Mientras estaban trabajando, colocando juntos con cuidado fragmentos rotos de diferentes colores en la tela de algodón, Philip fue contestando a su padre miríadas de preguntas que tenían que ver con las alfombras, los muebles, las telas y las demás mercancías que había traído del extranjero para poner en marcha su nuevo negocio juntos. Había pasado más de una hora de sorprendentemente amable conversación cuando su padre dijo:

– Mira lo que he encontrado debajo de la caja. Parece demasiado nuevo para ser una de tus piezas. De hecho se parece mucho al que llevo yo.

Philip se dio la vuelta. Entre los dedos de su padre había un cuchillo, con su brillante y letal hoja reflejando el sol matinal que se colaba a través de las ventanas. Philip se acercó y su padre le pasó con cuidado el arma.

– Parece el cuchillo de la persona que asaltó el almacén. Edward dijo que el criminal lo perdió durante la lucha.

Philip examinó la pieza, pero no pudo distinguir ninguna marca especial. No era más que un típico cuchillo de bota. La mayoría de la gente a la que conocía, incluido él mismo, llevaba uno como ese: Andrew, Edward, Bakari, y también su propio padre, como acababa de saber.

Colocando el cuchillo en su propia bota, Philip dijo:

– Tendré que llevarlo al juzgado.

Siguieron con la difícil tarea de recoger los restos de la cerámica rota. Estaban a punto de acabar cuando un sonido en la puerta del almacén les advirtió de que alguien había entrado.

– Lord Greybourne, ¿está usted ahí?

Su cuerpo se puso tenso enseguida al escuchar la femenina y ronca voz de Meredith, y él se tragó el sonido desabrido que ascendía por su garganta. ¿Cómo podía defenderse, qué oración podía salvarle contra una mujer que solo con el sonido de su voz tenía tal efecto sobre él?

– Aquí estoy -dijo sorprendido por el extraño tono de su propia voz. Volviéndose hacia su padre, le anunció-: Miss Chilton-Grizedale. -El sonido de unos pasos que se arrastraban llegó hasta sus oídos-. Acompañada por su mayordomo, Albert Goddard. -«Quien está enamorado de ella», pensó.

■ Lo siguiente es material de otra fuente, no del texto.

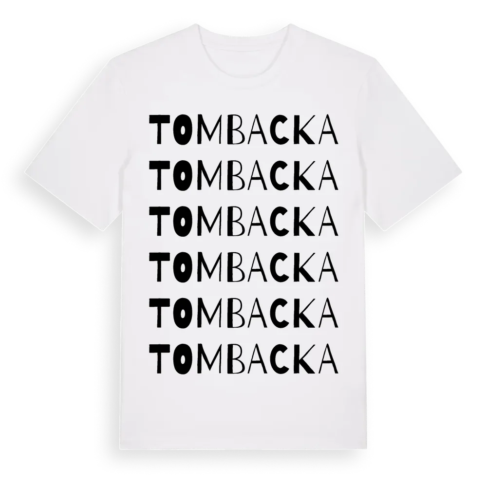 Tombacka ordlek t-shirt är inspirerad av Tombacka i Västra Götalands län, Sverige. Tröjan är designad för dig som har en speciell koppling till platsen – oavsett om du bor här, har rötterna här eller bara älskar Tombacka.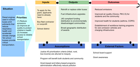Logic model summarizing the theory of change enacted by the United States Environmental Protection Agency Clean School Bus Rebate Program (CSRBP). The logic model uses the following acronyms: J40—Justice40; PM—particulate matter; COPD—chronic obstructive pulmonary disease.

Philip y su padre se pusieron en píe, y él apretó los labios forzándose para no fijarse en las rodillas sucias de los blancos pantalones de etiqueta de su padre. Nunca lo había visto tan descuidado. Pero a pesar de su atuendo desaliñado, en su rostro se dibujaba una sonrisa de satisfacción por el trabajo realizado. Al cabo de unos segundos aparecieron Meredith y Goddard doblando una esquina de cajas. Su mirada se posó en Meredith, y por un instante le pareció que ella le devolvía una mirada de intimidad. Al momento, como si acabara de caer un telón ante sus ojos, ella se quedó mirando alrededor con fría indiferencia.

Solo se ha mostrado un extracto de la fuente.